The question is incomplete. Here is the complete question.

Cars A nad B are racing each other along the same straight road in the following manner: Car A has a head start and is a distance $D_{A}$ beyond the starting line at t = 0. The starting line is at x = 0. Car A travels at a constant speed $v_{A}$ . Car B starts at the starting line but has a better engine than Car A and thus Car B travels at a constant speed $v_{B}$ , which is greater than $v_{A}$ .

Part A: How long after Car B started the race will Car B catch up with Car A? Express the time in terms of given quantities.

Part B: How far from Car B's starting line will the cars be when Car B passes Car A? Express your answer in terms of known quantities.

Answer: Part A: $t=\frac{D_{A}}{v_{B}-v_{A}}$

Part B: $x_{B}=\frac{v_{B}D_{A}}{v_{B}-v_{A}}$

Explanation: First, let's write an equation of motion for each car.

Both cars travels with constant speed. So, they are an uniform rectilinear motion and its position equation is of the form:

$x=x_{0}+vt$

where

$x_{0}$ is initial position

v is velocity

t is time

Car A started the race at a distance. So at t = 0, initial position is $D_{A}$ .

The equation will be:

$x_{A}=D_{A}+v_{A}t$

Car B started at the starting line.

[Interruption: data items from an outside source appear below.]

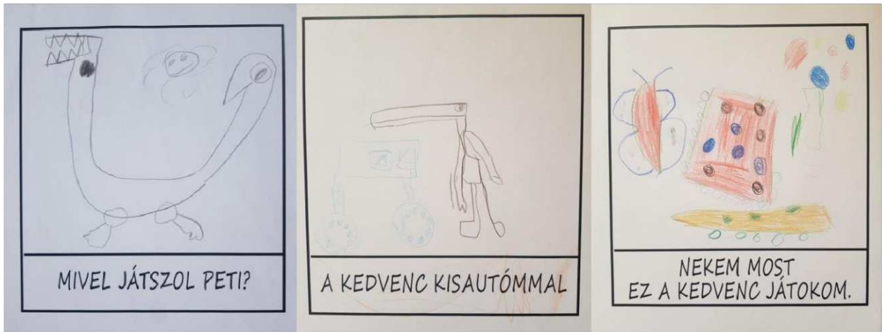
13. ábra. É.D. rajza, 4 éves kisfiú

Az elkészült rajzok után, körbe ültünk a csoportszobában és közösen megbeszéltük ki ismeri a szuperhősöket, mit tud róluk. Majd ismereteik bővítésével beszélgettünk arról, hogy milyen szuperképességekkel rendelkeznek a szuperhősök, kik harcolnak a jó érdekében, és kik a gonosztevők egy szuperhős történetben, milyen jelmezdarabok tartoznak egy szuperhős kinézetéhez.
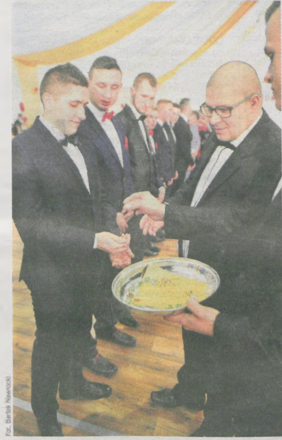
Fot. Bartek Nawrocki
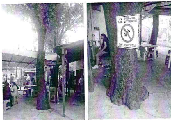
Imágenes 1-2.- Árboles afectados, objeto de investigación.

Al respecto, de las documentales que obran en el presente expediente, se desprende que personal adscrito a esta Procuraduría llevó a cabo el reconocimiento de hechos establecido en el artículo 15 BIS 4 fracción IV de la Ley Orgánica de esta Entidad, diligencia en la que se constató la presencia de dos individuos arbóreos de la especie Fraxinus sp , comúnmente conocidos como fresnos, de una altura de 13 metros y un diámetro a la altura del pecho de 45 y 60 centímetros respectivamente, los cuales presentaban cemento en la base de su tronco principal.
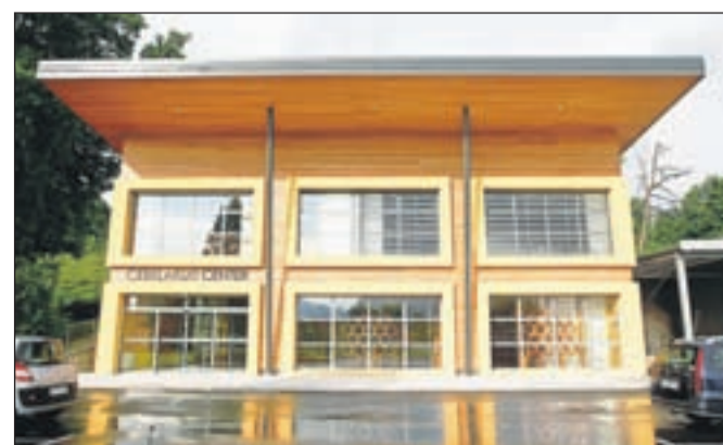
Čebelarški center v Lescah bodo odprli prihodnji mesec.

Slovesno odprtje novega čebelarško izobraževalnega centra bo v petek, 14. junija, dan kasneje pa Čebelarško društvo Radovljica pripravlja dan odprtih vrat.
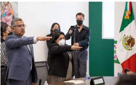
Sistema Estatal de Búsqueda de Personas

La Magistrada Presidenta rindió protesta como integrante del Sistema Estatal de Búsqueda de Personas Con la representación del Poder Judicial del Estado, la Magistrada Presidenta Olga Regina García López, rindió protesta como integrante del Sistema Estatal de Búsqueda de Personas, con la finalidad de trabajar conjuntamente con Gobierno del Estado de San Luis Potosí y las autoridades participantes en las acciones y políticas públicas relacionadas con la búsqueda de personas, para dar cumplimiento a las determinaciones del Sistema Nacional y de la Comisión Nacional de Búsqueda de Personas, así como lo establecido en la Ley General de la materia.
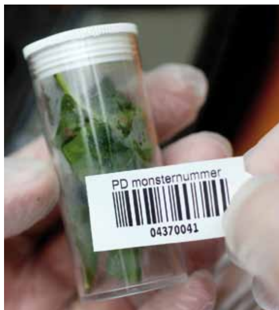
Controle door de plantenziektekundige dienst. LNV is bang dat controle aan de grens niet langer genoeg is en wil telers betrekken bij de bestrijding van plantenziektes.

Dit nummer gaat over die bestrijding: het fytosanitaire beleid. Nederland heeft veel belang bij een streng beleid, omdat het een grote producent en handelaar is in planten, van pootaardappelen en laanbomen tot bloembollen. Juist de handel maakt het leven van de plantenziektebestrijders lastig. De handelsstromen zijn zo groot dat het voor controleurs aan de grenzen ondoenlijk is
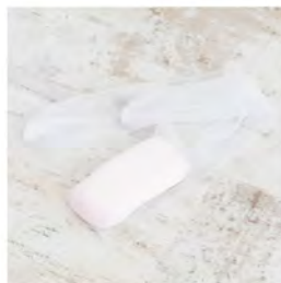
帯枕 (ガーゼをかけておく)
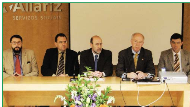
El encuentro giró en torno a la actual situación de la AP.
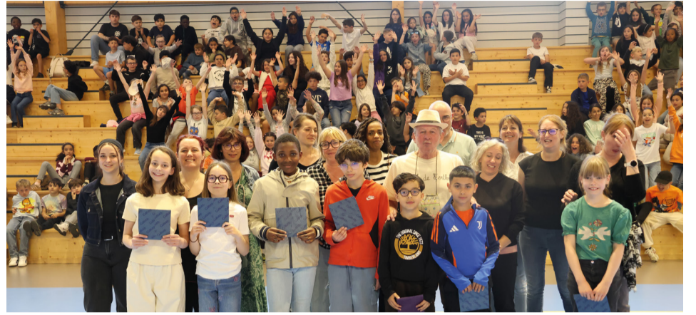
Remise des prix de la dictée Di Gaspivot
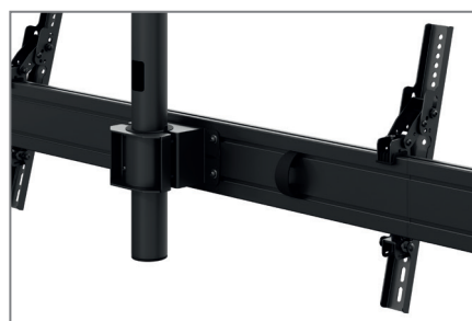
Anpassbar dank modularer Bauweise
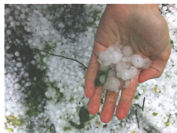
Grêle du 20 juin 2013 à Duillier
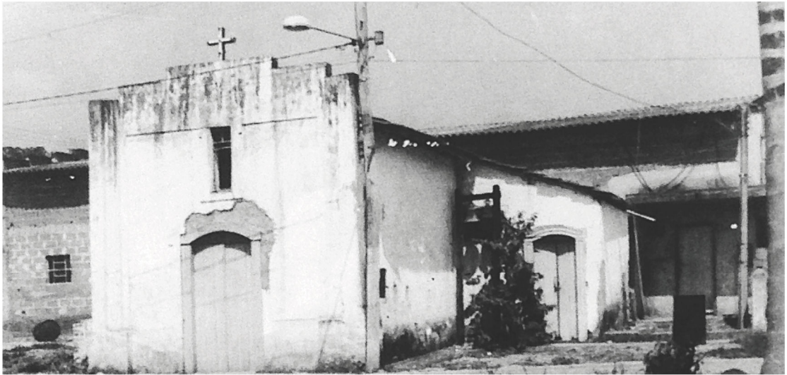
Figura 1: Capela de Nossa Senhora da Escada (1976), época de abandono.

So, its equation is

$x_{B}=v_{B}t$

Part A: When they meet, both car are at "the same position":

$D_{A}+v_{A}t=v_{B}t$

$v_{B}t-v_{A}t=D_{A}$

$t(v_{B}-v_{A})=D_{A}$

$t=\frac{D_{A}}{v_{B}-v_{A}}$

Car B meet with Car A after $t=\frac{D_{A}}{v_{B}-v_{A}}$ units of time.

Part B: With the meeting time, we can determine the position they will be:

$x_{B}=v_{B}(\frac{D_{A}}{v_{B}-v_{A}} )$

$x_{B}=\frac{v_{B}D_{A}}{v_{B}-v_{A}}$

Since Car B started at the starting line, the distance Car B will be when it passes Car A is $x_{B}=\frac{v_{B}D_{A}}{v_{B}-v_{A}}$ units of distance.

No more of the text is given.